→ **Description of the task**
Write out each record in full and exactly as given. Skip any pictures.

→ **Material for this exercise**
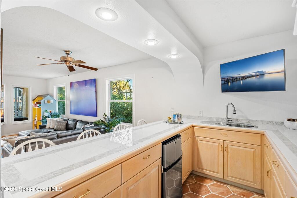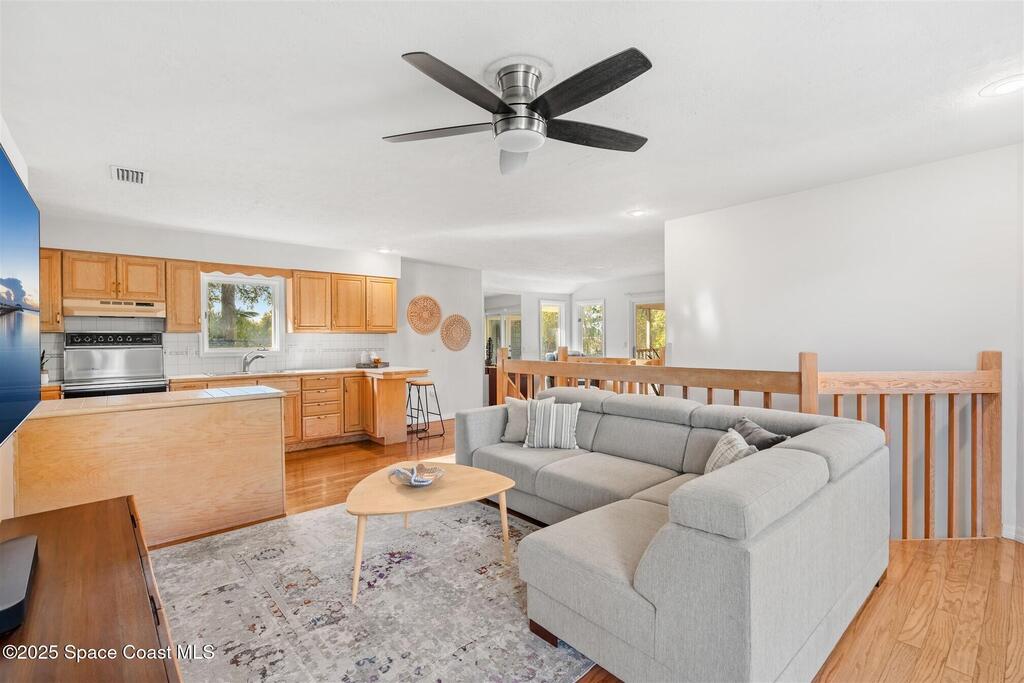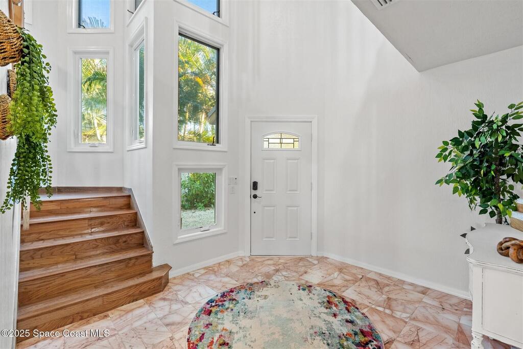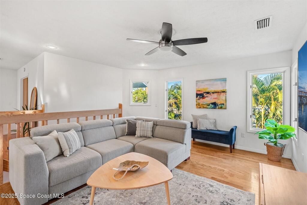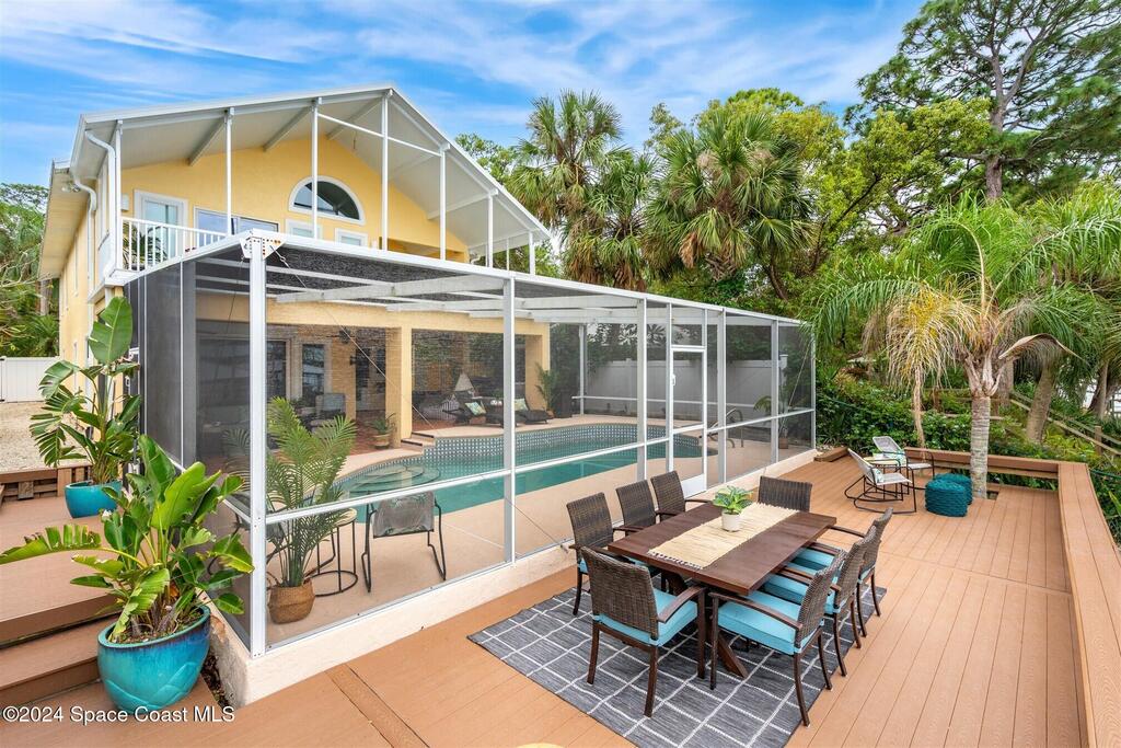 Incredible waterfront opportunity--13 feet above sea level with NO flood insurance required! This spacious 3,960 sq ft home features 4 bedrooms, 3.5 baths, an office, loft, and bonus room, offering versatile space for families or multigenerational living. Boaters will love the covered dock with 6,000 lb boat lift, jet ski lift, and composite decking, all overlooking the Indian River. Enjoy direct river frontage, and easy access to sandbar islands, dockside restaurants, and more. The home features a private in-law suite with its own entrance, kitchen, living room, bedroom, and bath--perfect for guests or rental income. Upstairs, the luxurious primary suite offers floor-to-ceiling windows, private balcony, jacuzzi tub, and walk-in shower overlooking the water. A coral stone fireplace, tankless gas water heater, stainless steel appliances, and new metal roof (2022) add both charm and function. See ''MORE''
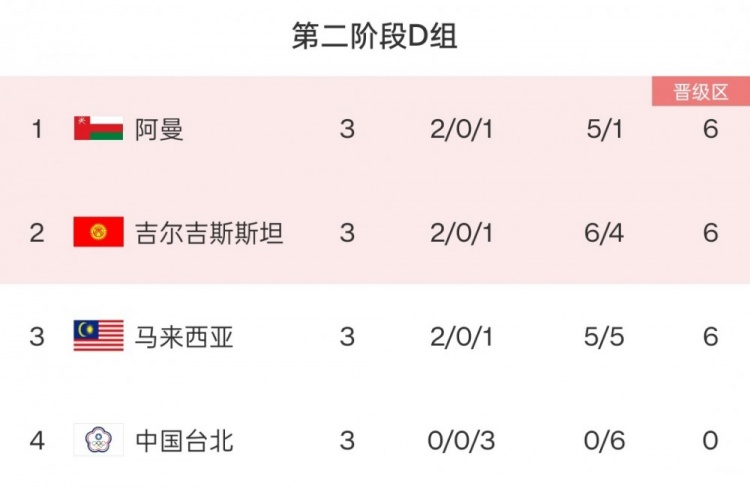 D組:阿曼2-0馬來(lái)西亞、中國(guó)臺(tái)北0-2吉爾吉斯斯坦
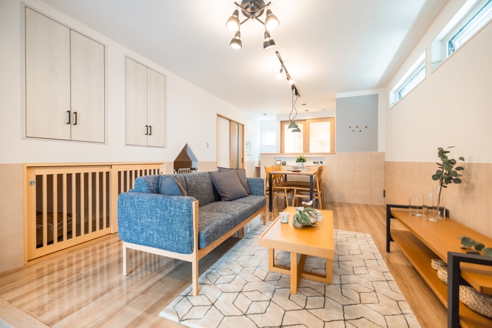 わんちゃんやねこちゃんとの暮らしを快適に心地良くするために「アレルギー反応を抑制する壁材」「ナノイー発生器のエアイー」「室内外用の洗い場」「すべりにくく、耐水性に配慮されたフローリング」「誤飲防止のためのキッチンゲートやデコ窓」などを実際にご見学いただけます。
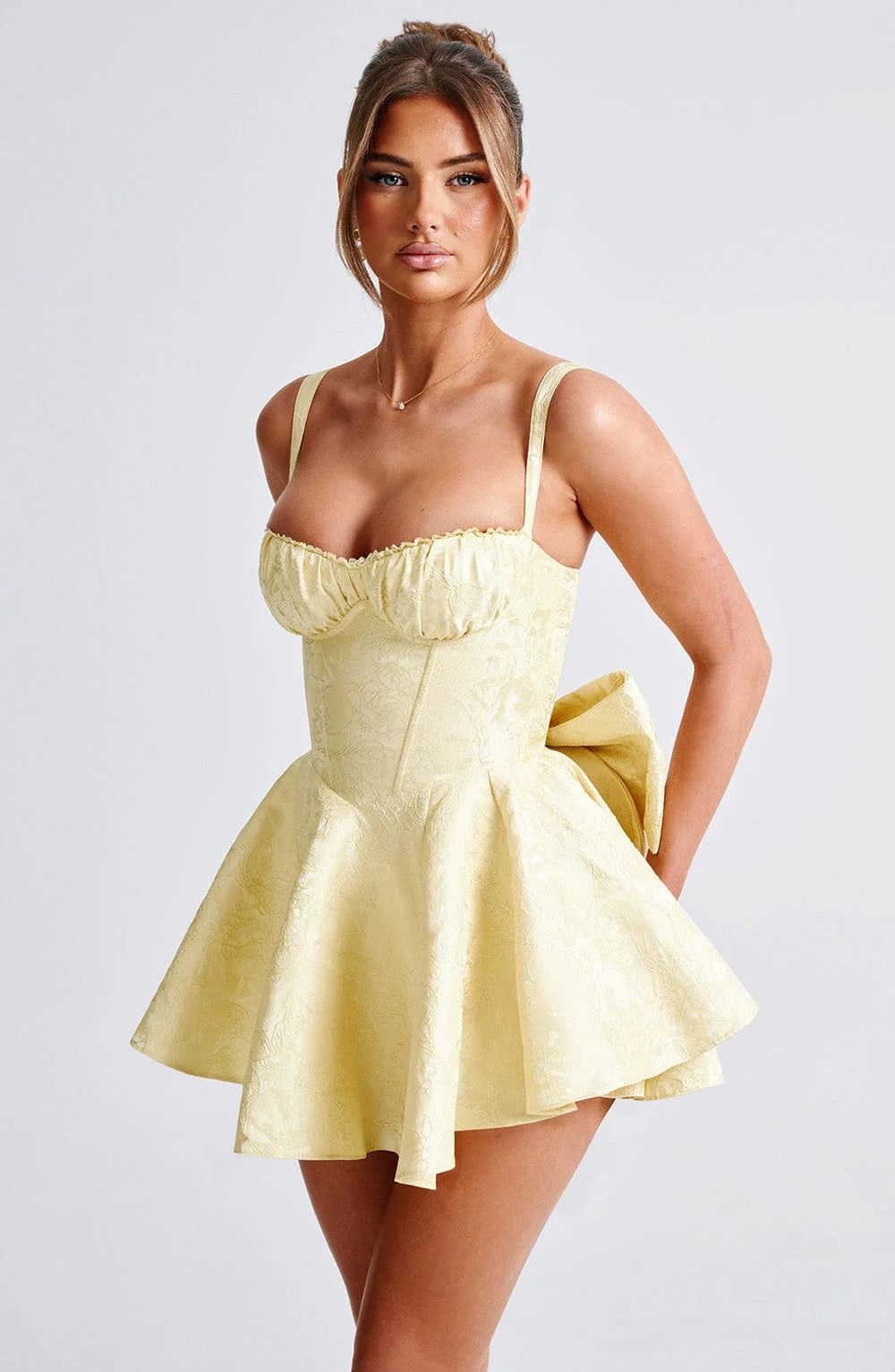 Give us all the pretty playsuits this season! Emelie is made from a premium jacquard fabric with an all-over floral design, cinching at the waist and flaring gently at the skirt which has in-built shorts. With an underwired, balconette bust and lace trim detail, the look is complete with a dramatic oversized bow at the back which you can remove.
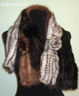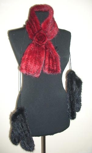 Шарфы и варежки из норки вязаной с розой Греция
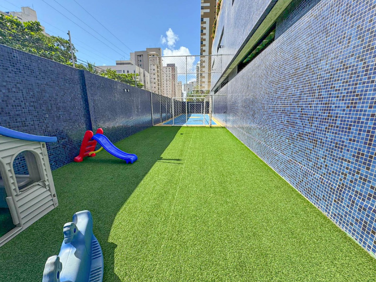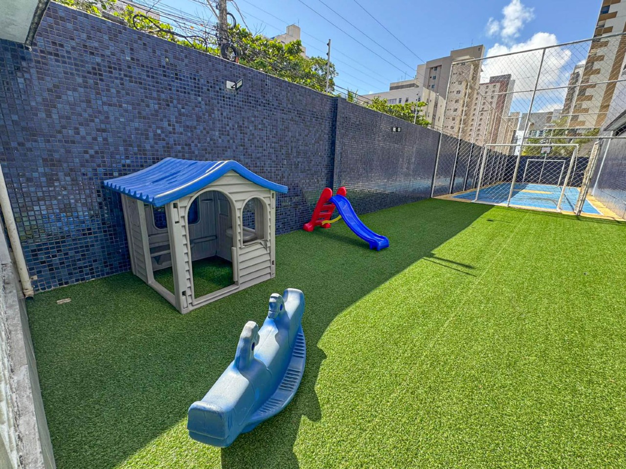 > Academia, quadra poliesportiva e salão de festas;
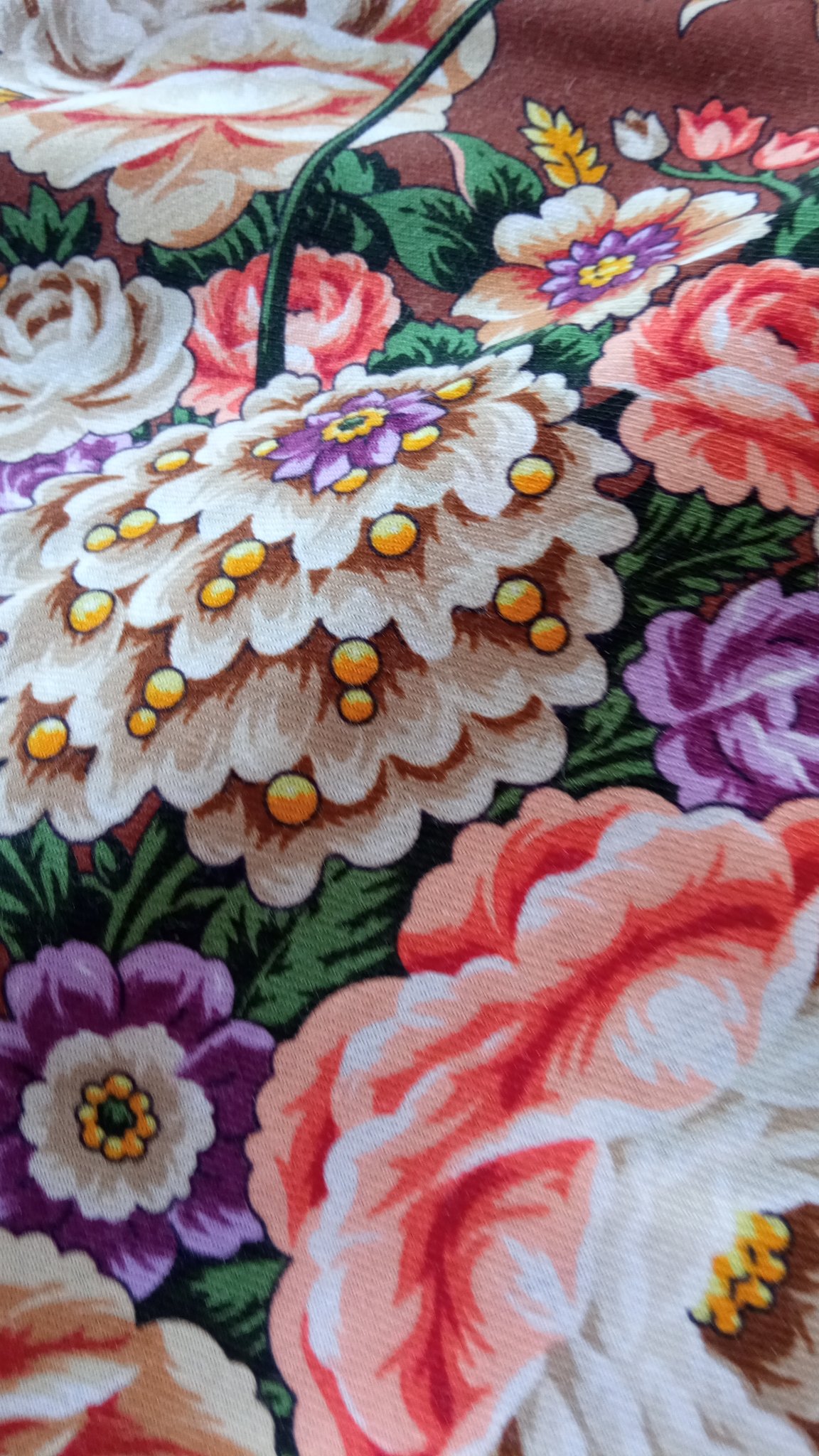 А про листики, и весь узор - да, он в хаки, но если хаки, то очень светлый и такой бежевато-сепийный оттенок этого цвета. А так как его, этого узора много, то в скрутке он активно работает. Лимонный фон создаёт только лишь свечение шали, а основную структуру рисует узор. Тань, и сиреневого много! Как мы любим.
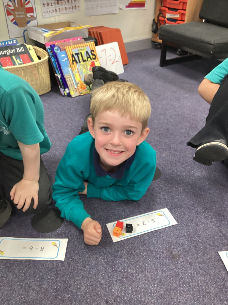 In Maths this week, we have been looking at the concept of subtraction. The children have been investigating this concept practically by ‘taking away’ and counting back on number-lines as well as building towers.
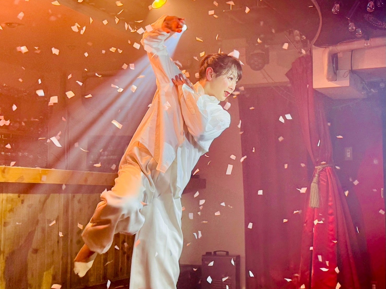 舞台上では、扇や傘、紙吹雪など、さまざまな小道具が巧みに使われ、次々と展開されるシーンは観る人を飽きさせません。
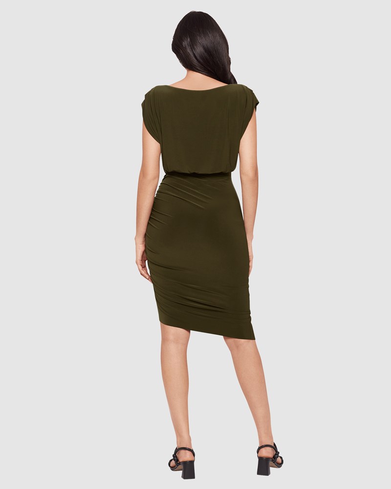 BODY BY MIRACLESUIT Bali Blouse Top Midi Shaping Dress in Nori
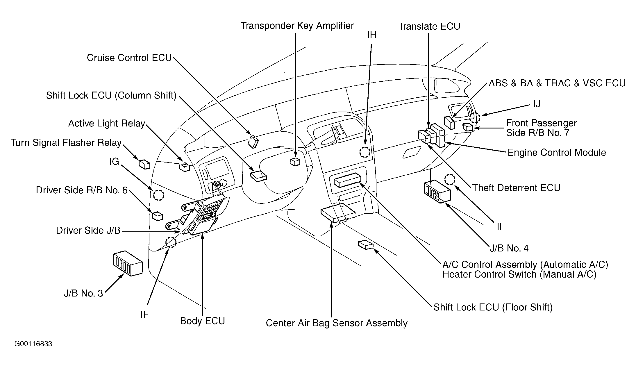 | ABS & BA & TRAC & VSC ECU | Behind right side of dash. See Figure. |

→ **Response area**
 Incredible waterfront opportunity--13 feet above sea level with NO flood insurance required! This spacious 3,960 sq ft home features 4 bedrooms, 3.5 baths, an office, loft, and bonus room, offering versatile space for families or multigenerational living. Boaters will love the covered dock with 6,000 lb boat lift, jet ski lift, and composite decking, all overlooking the Indian River. Enjoy direct river frontage, and easy access to sandbar islands, dockside restaurants, and more. The home features a private in-law suite with its own entrance, kitchen, living room, bedroom, and bath--perfect for guests or rental income. Upstairs, the luxurious primary suite offers floor-to-ceiling windows, private balcony, jacuzzi tub, and walk-in shower overlooking the water. A coral stone fireplace, tankless gas water heater, stainless steel appliances, and new metal roof (2022) add both charm and function. See ''MORE''
 D組:阿曼2-0馬來(lái)西亞、中國(guó)臺(tái)北0-2吉爾吉斯斯坦
 わんちゃんやねこちゃんとの暮らしを快適に心地良くするために「アレルギー反応を抑制する壁材」「ナノイー発生器のエアイー」「室内外用の洗い場」「すべりにくく、耐水性に配慮されたフローリング」「誤飲防止のためのキッチンゲートやデコ窓」などを実際にご見学いただけます。
 Give us all the pretty playsuits this season! Emelie is made from a premium jacquard fabric with an all-over floral design, cinching at the waist and flaring gently at the skirt which has in-built shorts. With an underwired, balconette bust and lace trim detail, the look is complete with a dramatic oversized bow at the back which you can remove.
 Шарфы и варежки из норки вязаной с розой Греция
 > Academia, quadra poliesportiva e salão de festas;
 А про листики, и весь узор - да, он в хаки, но если хаки, то очень светлый и такой бежевато-сепийный оттенок этого цвета. А так как его, этого узора много, то в скрутке он активно работает. Лимонный фон создаёт только лишь свечение шали, а основную структуру рисует узор. Тань, и сиреневого много! Как мы любим.
 In Maths this week, we have been looking at the concept of subtraction. The children have been investigating this concept practically by ‘taking away’ and counting back on number-lines as well as building towers.
 舞台上では、扇や傘、紙吹雪など、さまざまな小道具が巧みに使われ、次々と展開されるシーンは観る人を飽きさせません。
 BODY BY MIRACLESUIT Bali Blouse Top Midi Shaping Dress in Nori
 | ABS & BA & TRAC & VSC ECU | Behind right side of dash. See Figure. |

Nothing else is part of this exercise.